Our main bathroom had a chrome vanity bar with three globe bulbs mounted above a large unframed mirror. The light it produced was technically adequate and aesthetically 2004. I wanted to change it without spending money on anything that required a contractor.
Budget: $180. Result: a bathroom that looks like we chose things on purpose.

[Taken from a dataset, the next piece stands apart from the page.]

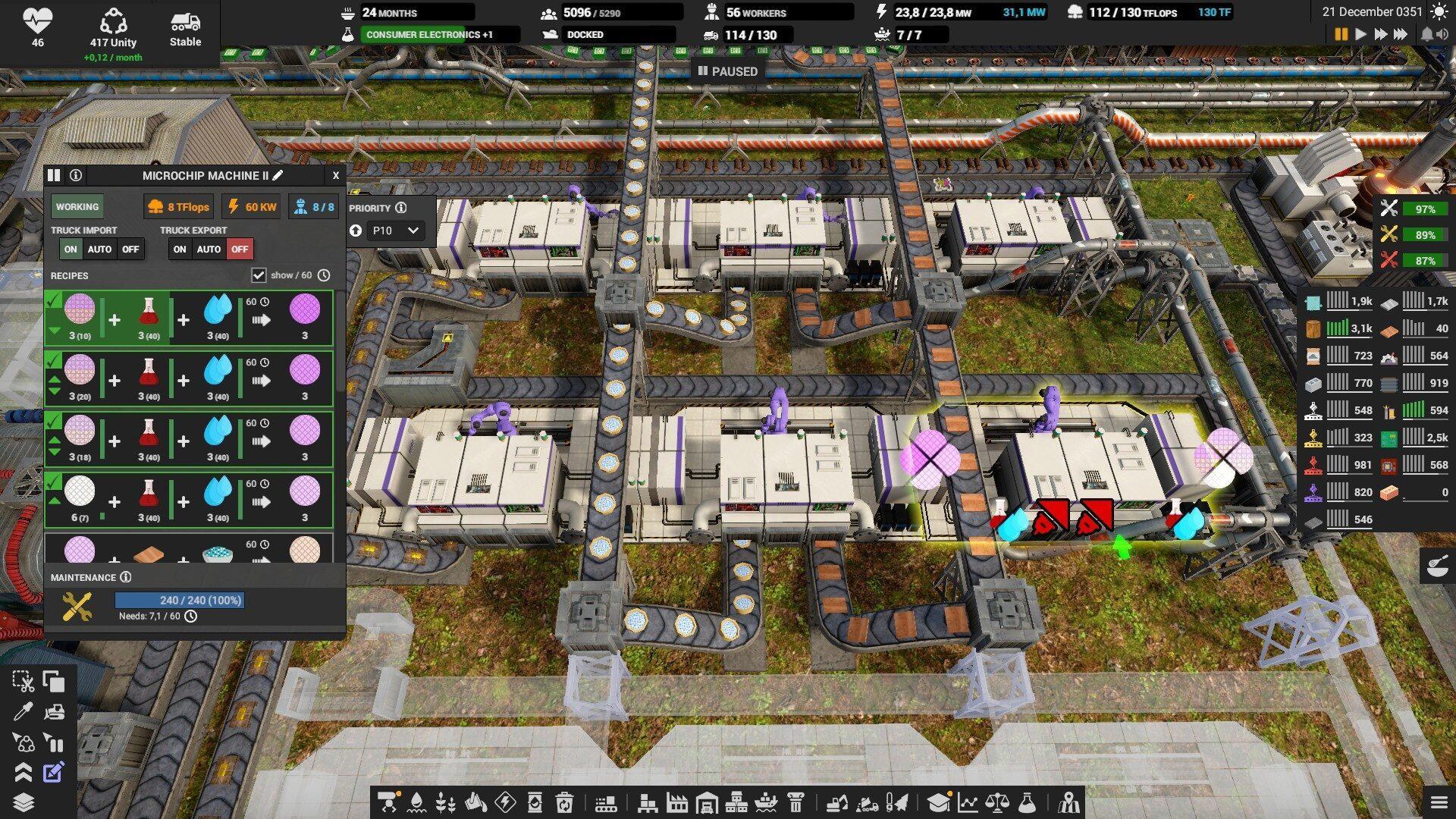 Самая оптимальная фабрика производства микрочипов состоит из 3 заводских единиц с циркулирующим производством, так как имеется всего 12 стадий производства микрочипов. Чем выше рецепт в списке, тем больший у него приоритет.
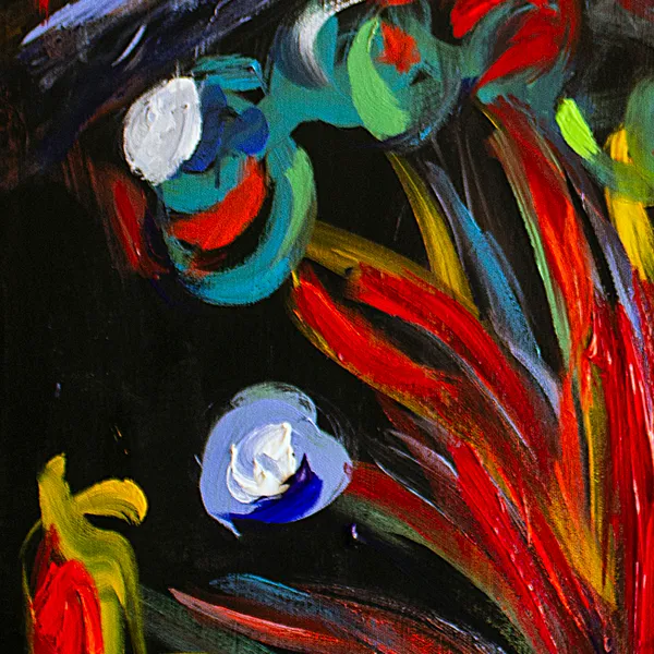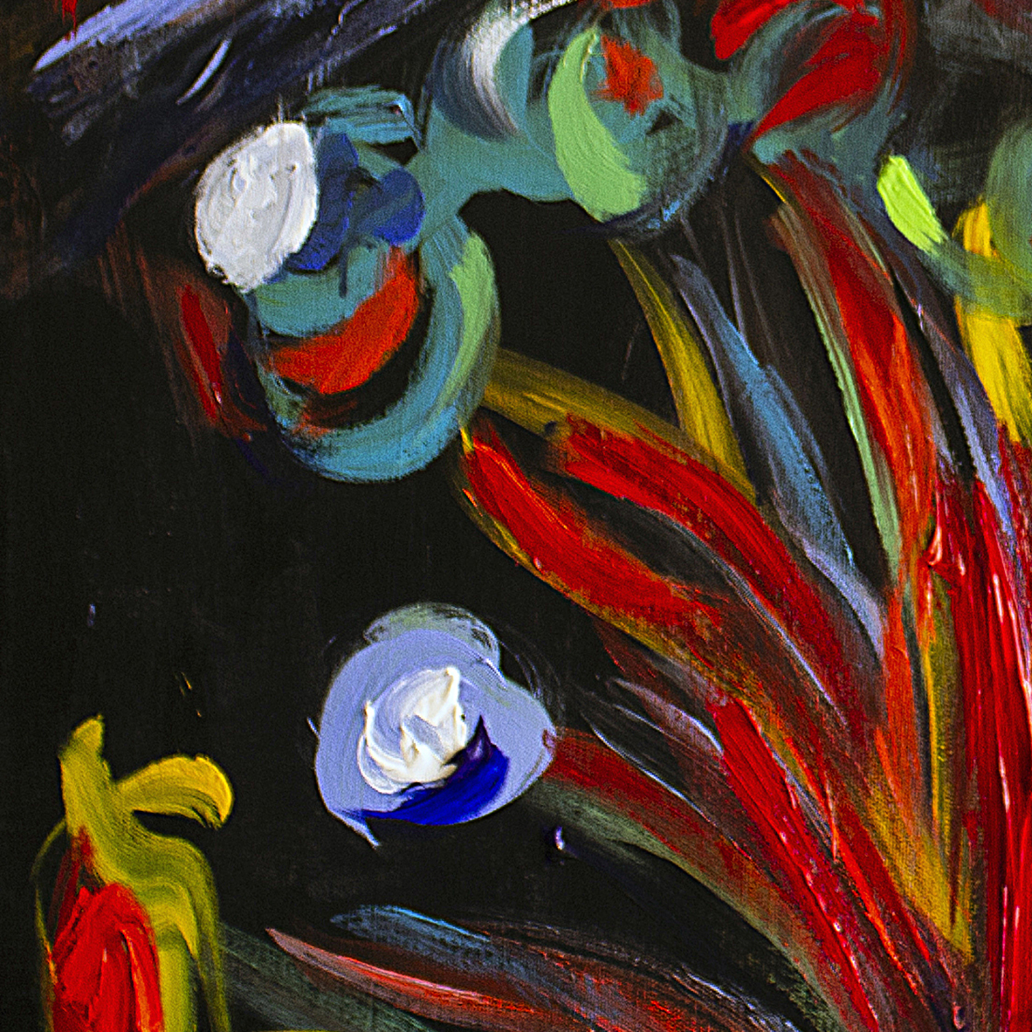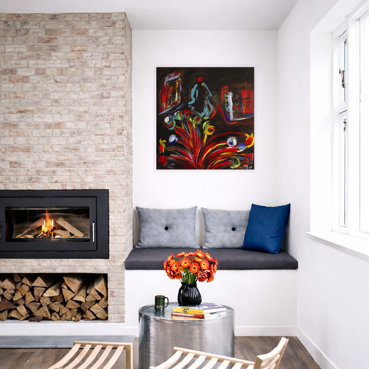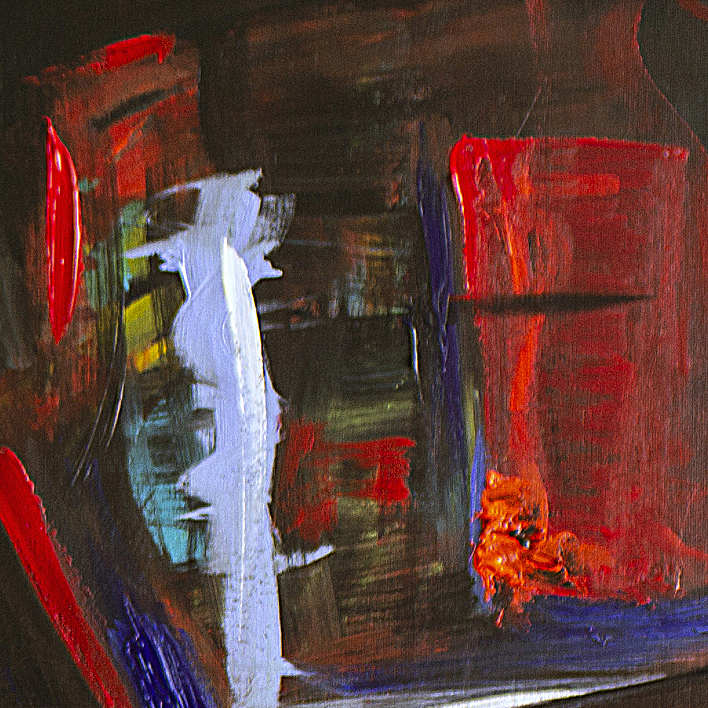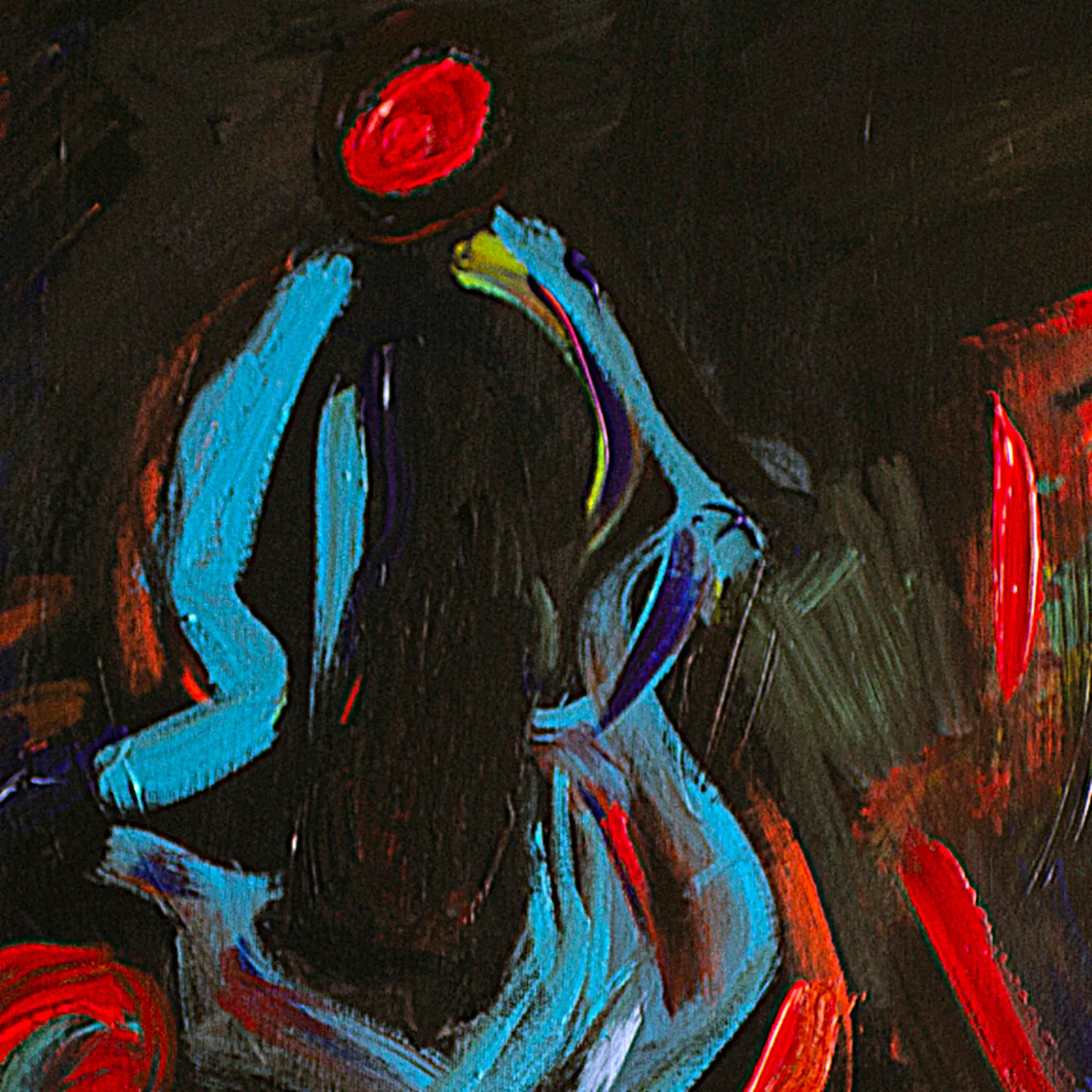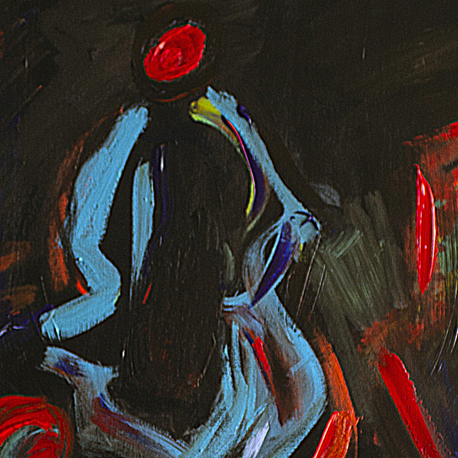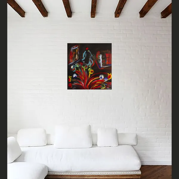 A luminous blue figure emerges from a dark, almost architectural space, crowned by a red halo that evokes awareness, pulse, or inner ignition. From the lower body, explosive strokes of red, yellow, and green unfold like flowers, fire, or emotional discharge. The contrast between shadowed surroundings and vivid color reflects an inner struggle between containment and release. Influenced by nocturnal introspection and raw emotion, the painting is created with layered acrylics.

The Vanity Light Swap ($95)
I replaced the three-globe chrome bar with two matte black wall sconces, one on each side of the mirror, mounted at 62 inches from the floor. The side-mounted sconces meant running two new wires from the existing box — which sounds hard but is actually the kind of job YouTube teaches you to do in an afternoon with about $25 in wire and junction boxes.
The Mirror Swap ($85)
The unframed builder mirror came down (it was just adhesive-mounted — came right off with dental floss and patience). A black-framed rectangular mirror went up in its place, centered between the sconces. The frame connects the mirror to the sconce finish. The bathroom reads as designed rather than defaulted-to.
What Stayed
Everything plumbing-related: faucet, sink, toilet, shower. None of it is beautiful but none of it needed to be replaced. The lighting and mirror carried the entire visual update. When the plumbing eventually needs replacing it will be for function reasons, not because it looks bad in context of everything else.